マウンティングは人間関係構築にはマイナスばかり

 私は今から、自分が高齢者になったとき、マウンティングばかりして孤独に陥らないようにするにはどうしたらよいのか、ひたすら言語化を続けている。どういう心構えでいれば、マウンティングせずに済むのか。どう会話を転がせば、マウンティング以外の方法で会話が弾むのか。そして、どうしたら年をとっても交流できる友人をつくることができるのか。
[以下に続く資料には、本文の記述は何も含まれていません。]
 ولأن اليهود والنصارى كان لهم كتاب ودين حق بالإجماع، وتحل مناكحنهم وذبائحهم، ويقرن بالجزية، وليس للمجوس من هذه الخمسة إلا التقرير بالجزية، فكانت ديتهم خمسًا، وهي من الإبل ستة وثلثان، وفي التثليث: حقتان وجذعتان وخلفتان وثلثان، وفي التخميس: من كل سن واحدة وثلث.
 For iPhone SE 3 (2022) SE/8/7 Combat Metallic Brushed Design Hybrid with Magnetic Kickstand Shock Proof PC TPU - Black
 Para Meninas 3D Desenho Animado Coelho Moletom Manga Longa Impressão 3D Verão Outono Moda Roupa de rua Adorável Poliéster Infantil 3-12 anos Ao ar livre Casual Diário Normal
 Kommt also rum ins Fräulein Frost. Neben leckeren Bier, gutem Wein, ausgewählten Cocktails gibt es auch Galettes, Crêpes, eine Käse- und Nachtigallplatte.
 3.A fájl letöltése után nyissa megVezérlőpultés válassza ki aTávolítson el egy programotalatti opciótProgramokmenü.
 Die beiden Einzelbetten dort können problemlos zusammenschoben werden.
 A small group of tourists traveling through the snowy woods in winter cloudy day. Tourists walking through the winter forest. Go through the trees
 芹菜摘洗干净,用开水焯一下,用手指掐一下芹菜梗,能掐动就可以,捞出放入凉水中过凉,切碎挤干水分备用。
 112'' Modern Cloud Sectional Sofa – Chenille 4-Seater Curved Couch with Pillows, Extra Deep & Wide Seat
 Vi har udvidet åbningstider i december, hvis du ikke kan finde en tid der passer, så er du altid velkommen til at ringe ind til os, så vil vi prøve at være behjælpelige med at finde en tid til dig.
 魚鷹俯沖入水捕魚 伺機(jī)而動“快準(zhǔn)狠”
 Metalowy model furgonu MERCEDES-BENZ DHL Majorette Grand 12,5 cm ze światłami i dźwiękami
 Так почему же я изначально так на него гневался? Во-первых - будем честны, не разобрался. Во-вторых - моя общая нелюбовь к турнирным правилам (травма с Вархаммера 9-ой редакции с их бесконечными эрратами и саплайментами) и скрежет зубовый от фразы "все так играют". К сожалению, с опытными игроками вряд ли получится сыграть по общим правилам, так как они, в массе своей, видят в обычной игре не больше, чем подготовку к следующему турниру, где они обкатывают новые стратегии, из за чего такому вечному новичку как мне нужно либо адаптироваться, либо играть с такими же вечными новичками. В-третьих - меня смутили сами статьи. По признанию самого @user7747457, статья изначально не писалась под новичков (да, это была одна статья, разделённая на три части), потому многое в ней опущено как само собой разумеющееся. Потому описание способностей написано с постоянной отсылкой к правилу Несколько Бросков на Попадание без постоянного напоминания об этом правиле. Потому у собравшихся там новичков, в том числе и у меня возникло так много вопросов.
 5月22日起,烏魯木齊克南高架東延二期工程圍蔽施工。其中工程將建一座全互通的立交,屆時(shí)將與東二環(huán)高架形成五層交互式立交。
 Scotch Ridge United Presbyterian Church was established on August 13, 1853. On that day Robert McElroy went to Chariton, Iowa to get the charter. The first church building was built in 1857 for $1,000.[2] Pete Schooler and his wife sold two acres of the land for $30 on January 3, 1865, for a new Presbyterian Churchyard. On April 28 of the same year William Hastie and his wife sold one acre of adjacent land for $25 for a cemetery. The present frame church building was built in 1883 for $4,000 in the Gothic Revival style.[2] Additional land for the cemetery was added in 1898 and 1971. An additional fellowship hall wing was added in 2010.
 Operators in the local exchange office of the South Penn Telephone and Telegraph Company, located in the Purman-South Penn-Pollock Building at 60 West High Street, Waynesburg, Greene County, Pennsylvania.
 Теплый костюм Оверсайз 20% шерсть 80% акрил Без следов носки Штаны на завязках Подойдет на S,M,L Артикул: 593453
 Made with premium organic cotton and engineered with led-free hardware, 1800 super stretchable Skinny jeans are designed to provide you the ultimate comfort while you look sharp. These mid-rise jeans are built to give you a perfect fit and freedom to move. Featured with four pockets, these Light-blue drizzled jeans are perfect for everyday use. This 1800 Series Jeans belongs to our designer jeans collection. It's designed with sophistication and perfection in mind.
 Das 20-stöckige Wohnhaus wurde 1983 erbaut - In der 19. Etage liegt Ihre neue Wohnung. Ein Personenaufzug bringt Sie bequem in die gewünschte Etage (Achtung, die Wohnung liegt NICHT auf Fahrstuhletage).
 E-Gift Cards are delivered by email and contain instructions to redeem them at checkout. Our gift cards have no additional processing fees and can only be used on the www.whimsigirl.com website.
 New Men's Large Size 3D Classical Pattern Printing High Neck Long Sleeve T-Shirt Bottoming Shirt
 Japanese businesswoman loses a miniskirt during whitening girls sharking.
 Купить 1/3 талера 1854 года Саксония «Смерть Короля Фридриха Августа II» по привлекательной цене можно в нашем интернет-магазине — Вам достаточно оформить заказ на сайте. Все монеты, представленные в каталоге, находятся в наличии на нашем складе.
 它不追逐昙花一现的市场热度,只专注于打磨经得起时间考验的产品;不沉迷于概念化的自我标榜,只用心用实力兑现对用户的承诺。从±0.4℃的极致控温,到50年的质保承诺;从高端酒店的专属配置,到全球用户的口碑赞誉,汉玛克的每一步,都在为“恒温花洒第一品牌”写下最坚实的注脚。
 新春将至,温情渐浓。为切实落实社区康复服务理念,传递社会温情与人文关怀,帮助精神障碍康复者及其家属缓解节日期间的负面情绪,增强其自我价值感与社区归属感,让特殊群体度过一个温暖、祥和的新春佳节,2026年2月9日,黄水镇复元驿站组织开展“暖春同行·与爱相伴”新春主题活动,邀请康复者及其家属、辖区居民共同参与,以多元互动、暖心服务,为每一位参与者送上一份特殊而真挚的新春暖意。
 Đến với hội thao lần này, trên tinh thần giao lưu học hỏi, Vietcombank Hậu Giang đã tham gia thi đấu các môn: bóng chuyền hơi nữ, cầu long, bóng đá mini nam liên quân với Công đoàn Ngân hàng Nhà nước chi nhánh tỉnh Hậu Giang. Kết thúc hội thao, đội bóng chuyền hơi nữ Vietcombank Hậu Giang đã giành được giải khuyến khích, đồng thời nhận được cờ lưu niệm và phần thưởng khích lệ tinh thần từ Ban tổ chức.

 はっきりしていることは、マウンティングは、人間関係構築には、マイナスに働く作用が強くて、プラスに働く要素があまり見当たらないということだ。なんでこんな不都合な本能が、男性側で強く発現するのか、それも興味深い。たぶん、動物としての本能なのだろう。けれど、社会性を基礎に発展してきた人類にとって、この本能は、いまや邪魔っけなものになりつつあるように思われる。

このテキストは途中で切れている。